Design/methodology/approach: Primary data was collected using a pre-tested structured questionnaire. Data was gathered based on 5 variables and the Confirmatory Factor Analysis (CFA) and Structural Equation Modelling (SEM) were applied to analyze the empirical data of 200 respondents. And twenty-five indicators were used to measure the five variables. Further, the study uses Statistical Package for the Social Sciences (SPSS 25) and Analysis of Moment Structures (AMOS 26) to conduct the analysis.
Findings: The study found significant factors that affect consumers’ online grocery purchase intention.
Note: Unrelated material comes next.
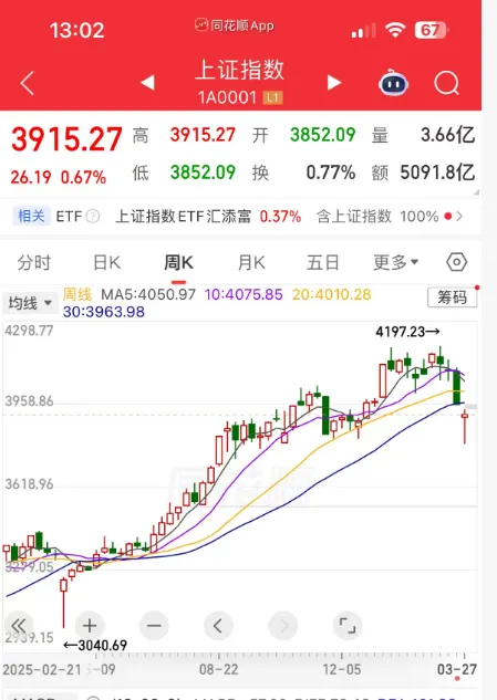 自3月上旬以来,大盘已经是周线3连阴了,截止到今天中午收盘,大盘仍然是周线4连阴的状态,只要今天大盘在下午收盘前,能够拉升到3904点以上,就能把周线收红,继续保持9.24行情以来最多周线3连阴的这一历史规律!

The results revealed that Perceived Ease of Use and Perceived Usefulness have a positive and significant impact on the online Purchase Intention of consumers while Perceived Risk represents a negative and insignificant effect on the online grocery purchase intention of consumers. Further, Hedonic Motivation did not affect the online purchase intention of consumers.
Originality: This study represents the online grocery purchase intention among consumers by investigating consumer behavior during and after the Covid-19 pandemic by using the technology acceptance model as a guiding theory.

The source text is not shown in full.